Nem todo o desenvolvimento da música alemã, tanto para o sentido da conservação desses valores musicais quanto da sua superação, até o completo  esvanecimento com Mahler e o Modernismo. Era como se, antes, os compositores estivessem sempre cientes das regras da arte, das réguas e lentes para se escrever música. Beethoven bagunça o coreto. Desde a sua primeira sinfonia, ele acaba com o princípio do encadeamento começo, desenvolvimento (tensão)  e fim. Aqui, ele bota a tensão no começo. Se você para de escutar depois do primeiro minuto, parece que ficou algo parado no ar.

Quando ele liga o segundo acorde no primeiro, ele tenta afrouxar essa tensão mas o movimento ainda parece não ter começado. Só no allegro com brio é que sentimos os pés no chão, o que seria, a rigor, o começo de uma sinfonia “nas regras da arte”.

Beethoven provoca o ouvinte, como se ele fosse um terceiro narrador que ri da reação de quem ouve e presta atenção no que seria o discurso musical. Ele se diverte o tempo todo com essas gags. O começo é uma exitação com a platéia, onde ele enche o discurso de tensão e relaxamentos,  não é começo-e-fim, é tática de guerrilha e de provocação.

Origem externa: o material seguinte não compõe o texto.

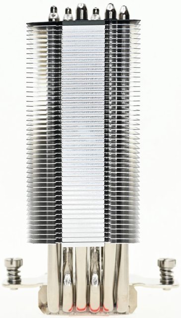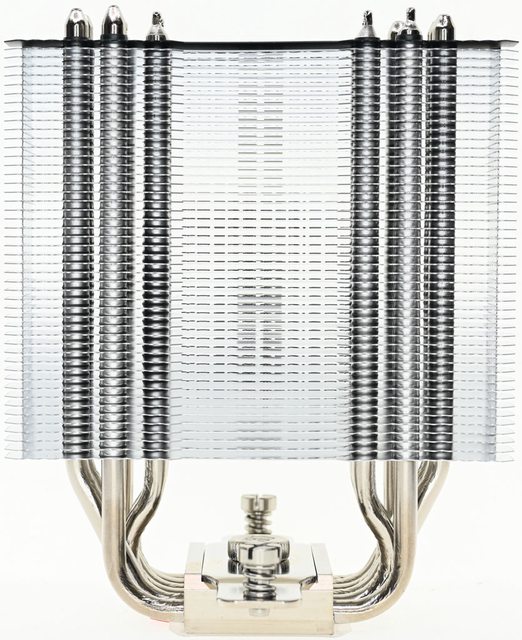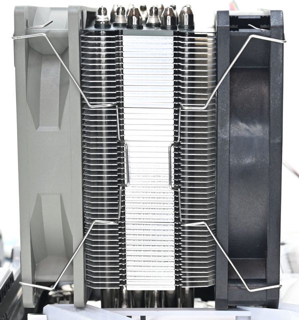▼散熱器本體底座兩邊各伸出6支直徑6mm無重力熱導管,並在熱導管上安裝47片鰭片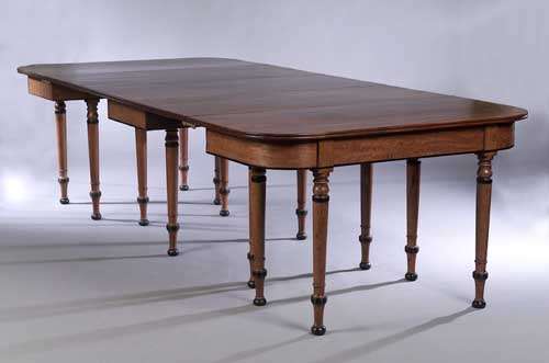 with D ends and central drop leaf section, reeded edge and plain frieze with ebony banding, ebonised ring turned legs with toupie feet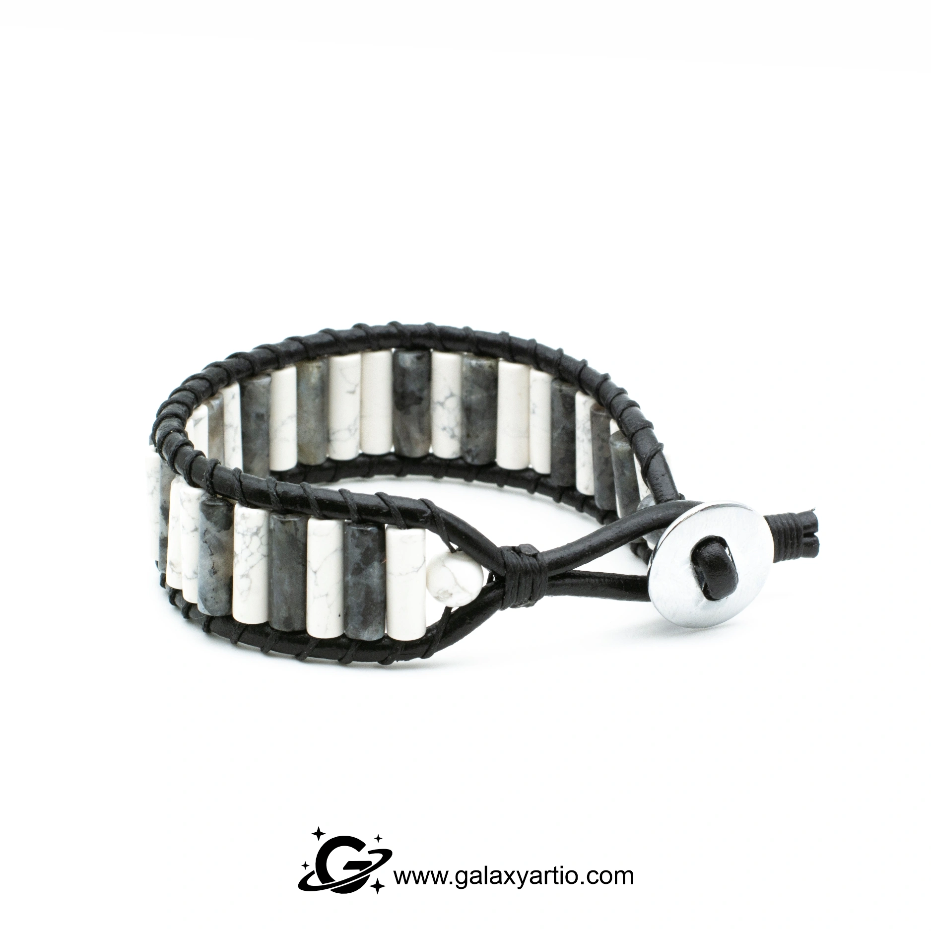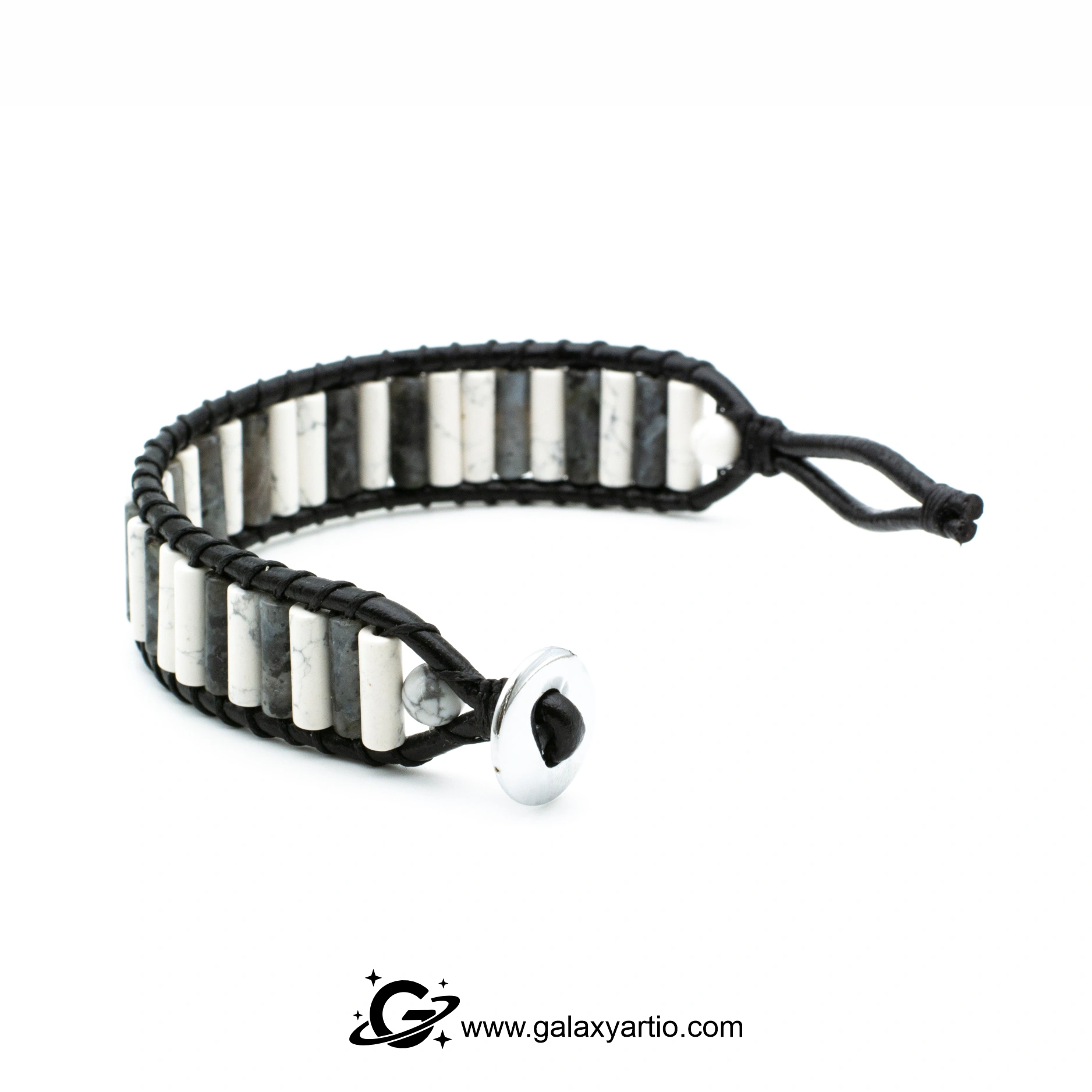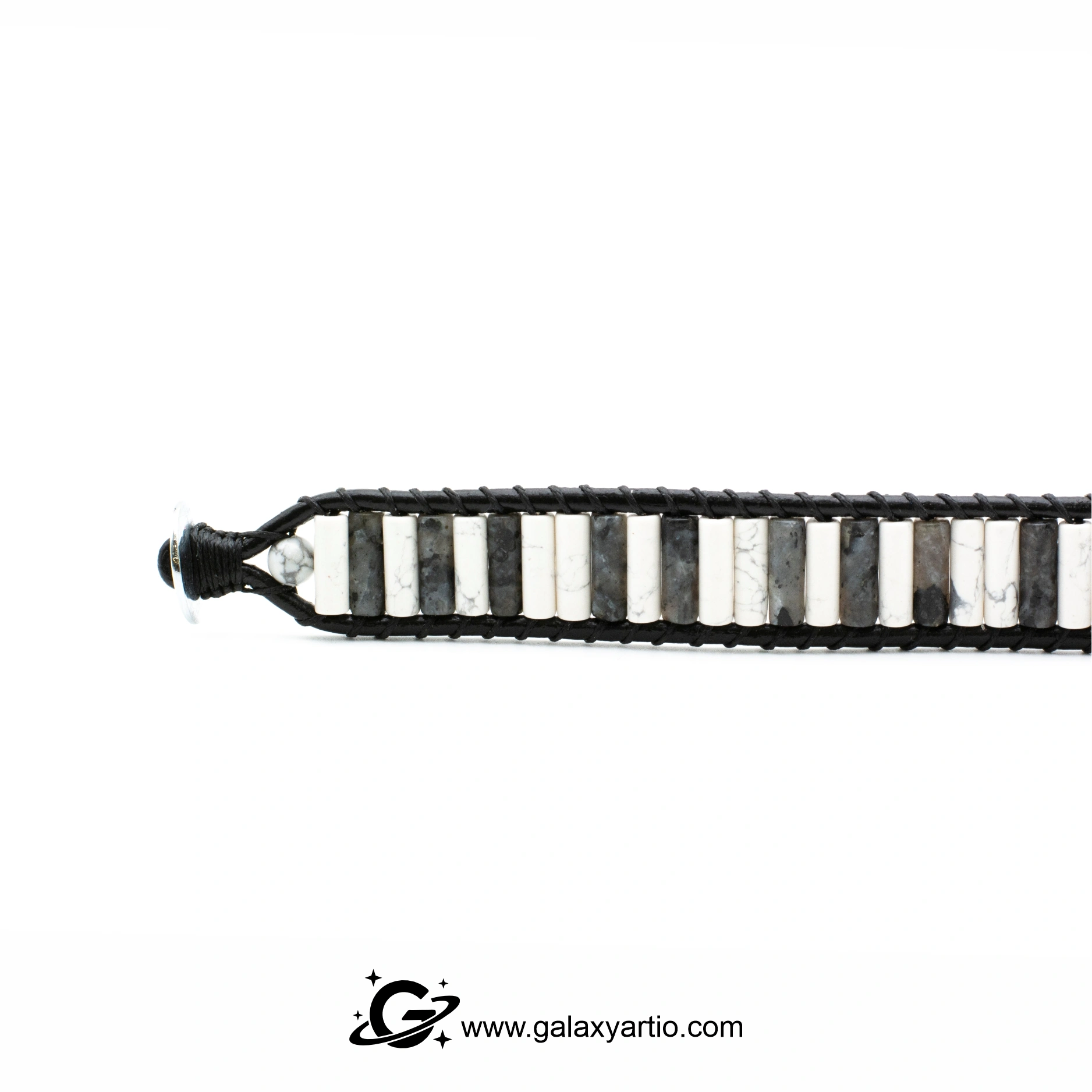ترکیب سنگ های هائولایت و لارویکیت نقرهای در کنار بند چرم طبیعی و دکمه استیل دست ساز،

A Quinta, como diz Kiefer, ele joga no ouvinte as quatro notas, notas do destino. O primeiro movimento é tensão contínua. “Toda a primeira parte desse movimento é construída sobre o motivo inicial que gera ali blocos, unidades maiores, de caráter ora misterioso, ora afirmador ou afirmativo”.

Acho que é importante observar como o autor tenta explicar a música, ou o discurso musical, que e abstrato, de forma como seja possível cheirá-la, apalpá-la, farejá-la aos ouvidos do senso comum. É, ao mesmo tempo, um exercício de puro raciocínio, ao tentar entender a seqüência de motivos e, ao mesmo tempo, há a possibilidade abstrair dentro do que Beethoven queria dizer. 

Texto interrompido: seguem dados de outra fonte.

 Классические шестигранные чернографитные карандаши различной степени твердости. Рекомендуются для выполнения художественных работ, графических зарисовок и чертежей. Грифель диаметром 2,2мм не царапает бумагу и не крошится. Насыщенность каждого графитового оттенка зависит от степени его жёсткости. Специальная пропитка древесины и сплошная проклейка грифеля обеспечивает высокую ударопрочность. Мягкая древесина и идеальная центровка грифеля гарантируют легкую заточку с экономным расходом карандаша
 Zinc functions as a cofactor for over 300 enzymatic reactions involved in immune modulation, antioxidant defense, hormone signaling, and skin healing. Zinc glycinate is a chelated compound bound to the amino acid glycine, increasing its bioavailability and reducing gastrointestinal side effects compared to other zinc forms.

A música é palpável: ela sai do rigor da partitura e parece falar mais dele e mais de nós mesmos. Nesse sentido, na Quinta, Beethoven parece pôr um bode na sala, o destino bate a porta e não se sabe o que vai acontecer. Nada vai ser como antes, o jeito é pegar o destino, olhá-lo face a face é levá-lo a cabresto até a última nota do último movimento, movimento de superação, movimento de júbilo, movimento de vitória.

É nesse não saber o que vai acontecer que reside a novidade de Beethoven, principalmente nas sinfonias. Se antes o material temático era estática, com idéias contrastantes e não antagônicas em sentido dialético; no op. 67,  a Quinta, ele joga o ouvinte de um lado para outro: “não sabemos ainda o que vai acontecer”. No segundo movimento, Haydn iria desenvolver o material temático; Beethoven bate a carteira e sai correndo porta afora. 

Outro exemplo é o último movimento da 2º sinfonia, que é uma verdadeira festa que passa ao largo da etiqueta da sinfonia clássica. Aliás, fica essa sugestão de ouvir as principais sinfonias do Mozart e do Haydn para ver o quanto Beethoven avançou, não em matéria de produção mas, sim, em matéria de ímpeto, mesmo em peças que bafejam o clássico, como as sinfonias nº2 e nº7, elas não são mais como o classicismo. Em alguns momentos, ele foi radical, como na Eroica; em outros, foi além, mas nos ditames do classicismo, embora tenha sido o mentor da mudança do terceiro movimento, de uma dança tão associada à estética anterior, o minueto, para o scherzo. Se formos pensar no terceiro movimento da Júpiter (Mozart) para o absolutamente delirante Vivace da Op. 125 de Beethoven, você viajou anos-luz em quase quatro décadas de distãncia.  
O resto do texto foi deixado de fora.